───── INPUT RECORDS ─────

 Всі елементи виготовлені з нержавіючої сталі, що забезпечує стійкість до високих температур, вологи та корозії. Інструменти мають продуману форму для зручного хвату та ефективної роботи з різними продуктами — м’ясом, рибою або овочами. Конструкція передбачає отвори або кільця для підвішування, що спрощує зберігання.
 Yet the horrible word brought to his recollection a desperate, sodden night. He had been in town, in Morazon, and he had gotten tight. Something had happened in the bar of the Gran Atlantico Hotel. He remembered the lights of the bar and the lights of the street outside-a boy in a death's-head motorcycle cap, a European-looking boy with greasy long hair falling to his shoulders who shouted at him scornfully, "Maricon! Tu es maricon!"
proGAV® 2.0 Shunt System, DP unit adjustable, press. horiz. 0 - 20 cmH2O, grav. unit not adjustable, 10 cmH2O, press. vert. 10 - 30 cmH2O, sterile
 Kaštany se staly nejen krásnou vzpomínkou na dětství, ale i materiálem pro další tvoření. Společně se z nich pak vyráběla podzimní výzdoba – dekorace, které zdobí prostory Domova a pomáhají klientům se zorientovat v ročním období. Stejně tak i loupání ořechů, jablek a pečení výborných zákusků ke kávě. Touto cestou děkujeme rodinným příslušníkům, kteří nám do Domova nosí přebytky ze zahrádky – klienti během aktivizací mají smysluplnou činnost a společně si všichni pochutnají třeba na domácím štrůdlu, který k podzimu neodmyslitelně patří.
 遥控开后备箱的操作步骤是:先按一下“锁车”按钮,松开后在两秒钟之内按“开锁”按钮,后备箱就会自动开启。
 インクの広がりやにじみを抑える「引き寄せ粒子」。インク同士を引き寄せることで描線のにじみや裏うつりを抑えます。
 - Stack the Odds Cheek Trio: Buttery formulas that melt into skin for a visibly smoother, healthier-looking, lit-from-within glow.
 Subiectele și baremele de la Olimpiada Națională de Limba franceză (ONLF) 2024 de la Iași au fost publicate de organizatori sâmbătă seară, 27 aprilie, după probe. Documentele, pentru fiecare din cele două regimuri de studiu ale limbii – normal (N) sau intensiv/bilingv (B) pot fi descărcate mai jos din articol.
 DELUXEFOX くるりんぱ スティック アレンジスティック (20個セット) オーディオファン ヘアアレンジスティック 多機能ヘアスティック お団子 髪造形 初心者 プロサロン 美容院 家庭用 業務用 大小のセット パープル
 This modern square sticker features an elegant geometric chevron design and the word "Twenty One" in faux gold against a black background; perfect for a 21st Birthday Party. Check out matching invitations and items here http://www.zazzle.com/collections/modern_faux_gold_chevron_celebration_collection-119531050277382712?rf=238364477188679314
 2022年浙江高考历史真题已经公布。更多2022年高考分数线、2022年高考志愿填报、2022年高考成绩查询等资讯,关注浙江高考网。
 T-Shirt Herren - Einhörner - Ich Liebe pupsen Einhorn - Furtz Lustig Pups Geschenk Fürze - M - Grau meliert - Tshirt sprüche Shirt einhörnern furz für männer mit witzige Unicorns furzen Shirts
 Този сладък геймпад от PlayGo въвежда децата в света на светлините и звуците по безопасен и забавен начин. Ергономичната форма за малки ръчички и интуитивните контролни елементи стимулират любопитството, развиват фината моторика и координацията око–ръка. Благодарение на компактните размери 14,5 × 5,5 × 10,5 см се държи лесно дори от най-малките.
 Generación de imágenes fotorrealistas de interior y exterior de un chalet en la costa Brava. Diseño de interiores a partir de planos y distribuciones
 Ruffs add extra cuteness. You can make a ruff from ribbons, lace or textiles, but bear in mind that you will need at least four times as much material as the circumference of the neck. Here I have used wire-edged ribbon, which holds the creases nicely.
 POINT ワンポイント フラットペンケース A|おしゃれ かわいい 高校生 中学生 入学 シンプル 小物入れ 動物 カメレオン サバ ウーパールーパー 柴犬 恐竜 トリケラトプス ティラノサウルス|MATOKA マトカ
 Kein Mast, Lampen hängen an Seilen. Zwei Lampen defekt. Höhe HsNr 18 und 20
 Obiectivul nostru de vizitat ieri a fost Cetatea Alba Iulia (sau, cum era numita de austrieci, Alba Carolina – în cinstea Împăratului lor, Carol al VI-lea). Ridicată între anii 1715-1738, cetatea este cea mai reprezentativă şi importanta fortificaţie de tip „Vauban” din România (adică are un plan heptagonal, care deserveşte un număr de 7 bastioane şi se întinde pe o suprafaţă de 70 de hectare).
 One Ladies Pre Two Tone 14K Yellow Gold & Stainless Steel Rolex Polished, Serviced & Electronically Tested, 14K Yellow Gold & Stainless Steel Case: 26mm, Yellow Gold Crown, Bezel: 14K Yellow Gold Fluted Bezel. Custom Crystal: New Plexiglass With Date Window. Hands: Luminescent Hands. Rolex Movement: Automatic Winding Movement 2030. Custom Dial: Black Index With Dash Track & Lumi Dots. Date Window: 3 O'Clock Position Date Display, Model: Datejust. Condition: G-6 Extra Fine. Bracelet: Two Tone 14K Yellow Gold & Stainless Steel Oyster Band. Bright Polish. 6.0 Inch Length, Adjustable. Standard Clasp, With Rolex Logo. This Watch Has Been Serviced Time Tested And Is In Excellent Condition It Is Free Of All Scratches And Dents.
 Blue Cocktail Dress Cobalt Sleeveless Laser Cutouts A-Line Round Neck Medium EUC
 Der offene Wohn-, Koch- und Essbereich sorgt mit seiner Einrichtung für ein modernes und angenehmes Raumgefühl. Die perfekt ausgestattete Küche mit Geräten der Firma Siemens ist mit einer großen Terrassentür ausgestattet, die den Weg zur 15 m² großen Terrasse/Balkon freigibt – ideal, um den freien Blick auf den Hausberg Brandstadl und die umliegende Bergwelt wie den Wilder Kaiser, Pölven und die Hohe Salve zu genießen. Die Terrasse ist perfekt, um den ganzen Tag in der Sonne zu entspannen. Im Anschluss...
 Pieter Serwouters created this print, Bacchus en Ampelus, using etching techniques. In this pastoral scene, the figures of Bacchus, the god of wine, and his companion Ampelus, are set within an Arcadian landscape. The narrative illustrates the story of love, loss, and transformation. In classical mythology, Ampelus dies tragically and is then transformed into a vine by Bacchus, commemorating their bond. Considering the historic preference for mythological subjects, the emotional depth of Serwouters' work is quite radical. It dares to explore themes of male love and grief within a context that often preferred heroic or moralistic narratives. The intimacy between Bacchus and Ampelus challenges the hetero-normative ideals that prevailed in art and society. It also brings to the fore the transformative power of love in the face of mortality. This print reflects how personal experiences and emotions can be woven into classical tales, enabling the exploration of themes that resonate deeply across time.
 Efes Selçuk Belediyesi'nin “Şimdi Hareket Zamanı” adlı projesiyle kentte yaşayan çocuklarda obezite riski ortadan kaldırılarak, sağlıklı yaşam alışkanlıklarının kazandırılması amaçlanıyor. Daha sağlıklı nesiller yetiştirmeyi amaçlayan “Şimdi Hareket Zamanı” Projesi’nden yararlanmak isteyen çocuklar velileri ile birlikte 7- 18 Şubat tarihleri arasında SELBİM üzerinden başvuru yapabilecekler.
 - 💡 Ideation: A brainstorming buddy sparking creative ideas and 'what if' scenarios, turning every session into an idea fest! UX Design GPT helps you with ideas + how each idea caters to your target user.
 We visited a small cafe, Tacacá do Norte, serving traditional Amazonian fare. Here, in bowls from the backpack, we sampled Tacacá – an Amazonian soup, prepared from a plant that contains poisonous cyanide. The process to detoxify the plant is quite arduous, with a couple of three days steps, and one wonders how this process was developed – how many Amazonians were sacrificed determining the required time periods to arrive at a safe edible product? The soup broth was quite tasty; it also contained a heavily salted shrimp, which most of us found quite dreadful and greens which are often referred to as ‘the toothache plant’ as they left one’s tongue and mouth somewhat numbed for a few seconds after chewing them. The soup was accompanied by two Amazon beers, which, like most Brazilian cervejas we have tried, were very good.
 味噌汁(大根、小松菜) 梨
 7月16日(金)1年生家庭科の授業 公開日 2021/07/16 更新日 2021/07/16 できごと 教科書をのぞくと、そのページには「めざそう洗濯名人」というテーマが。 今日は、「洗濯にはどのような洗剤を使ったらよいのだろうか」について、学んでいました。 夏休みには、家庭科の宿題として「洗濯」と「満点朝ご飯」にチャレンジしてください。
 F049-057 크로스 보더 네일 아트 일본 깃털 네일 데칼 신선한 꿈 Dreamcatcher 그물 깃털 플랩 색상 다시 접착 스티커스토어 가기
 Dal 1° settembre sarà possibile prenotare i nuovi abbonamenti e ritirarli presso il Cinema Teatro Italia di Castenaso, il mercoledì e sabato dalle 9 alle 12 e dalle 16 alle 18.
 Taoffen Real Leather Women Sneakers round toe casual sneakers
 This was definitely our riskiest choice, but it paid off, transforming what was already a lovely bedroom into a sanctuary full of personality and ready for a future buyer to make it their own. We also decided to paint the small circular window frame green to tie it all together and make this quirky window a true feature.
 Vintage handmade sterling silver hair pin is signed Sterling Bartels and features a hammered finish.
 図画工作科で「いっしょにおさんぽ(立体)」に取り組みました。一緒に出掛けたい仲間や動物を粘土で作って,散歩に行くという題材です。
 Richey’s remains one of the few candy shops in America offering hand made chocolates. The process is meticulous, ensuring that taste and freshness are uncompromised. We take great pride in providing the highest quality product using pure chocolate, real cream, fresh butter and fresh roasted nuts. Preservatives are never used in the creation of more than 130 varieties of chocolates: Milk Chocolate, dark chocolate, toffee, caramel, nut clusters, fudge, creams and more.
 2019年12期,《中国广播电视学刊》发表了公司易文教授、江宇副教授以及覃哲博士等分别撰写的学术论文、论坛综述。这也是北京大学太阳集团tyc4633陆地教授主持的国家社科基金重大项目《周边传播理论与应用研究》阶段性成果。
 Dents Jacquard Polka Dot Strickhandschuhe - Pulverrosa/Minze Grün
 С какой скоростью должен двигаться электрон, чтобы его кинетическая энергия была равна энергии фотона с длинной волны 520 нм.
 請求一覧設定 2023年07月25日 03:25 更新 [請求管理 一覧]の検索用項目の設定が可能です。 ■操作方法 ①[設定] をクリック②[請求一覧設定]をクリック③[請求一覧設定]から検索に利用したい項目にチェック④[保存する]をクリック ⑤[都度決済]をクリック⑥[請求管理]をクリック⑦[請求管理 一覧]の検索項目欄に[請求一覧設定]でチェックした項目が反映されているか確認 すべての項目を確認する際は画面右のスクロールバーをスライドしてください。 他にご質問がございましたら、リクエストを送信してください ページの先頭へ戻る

─────

EXERCISE REQUIREMENTS
Copy every line from the data that includes the string "word".

ANSWER
 Yet the horrible word brought to his recollection a desperate, sodden night. He had been in town, in Morazon, and he had gotten tight. Something had happened in the bar of the Gran Atlantico Hotel. He remembered the lights of the bar and the lights of the street outside-a boy in a death's-head motorcycle cap, a European-looking boy with greasy long hair falling to his shoulders who shouted at him scornfully, "Maricon! Tu es maricon!"
 This modern square sticker features an elegant geometric chevron design and the word "Twenty One" in faux gold against a black background; perfect for a 21st Birthday Party. Check out matching invitations and items here http://www.zazzle.com/collections/modern_faux_gold_chevron_celebration_collection-119531050277382712?rf=238364477188679314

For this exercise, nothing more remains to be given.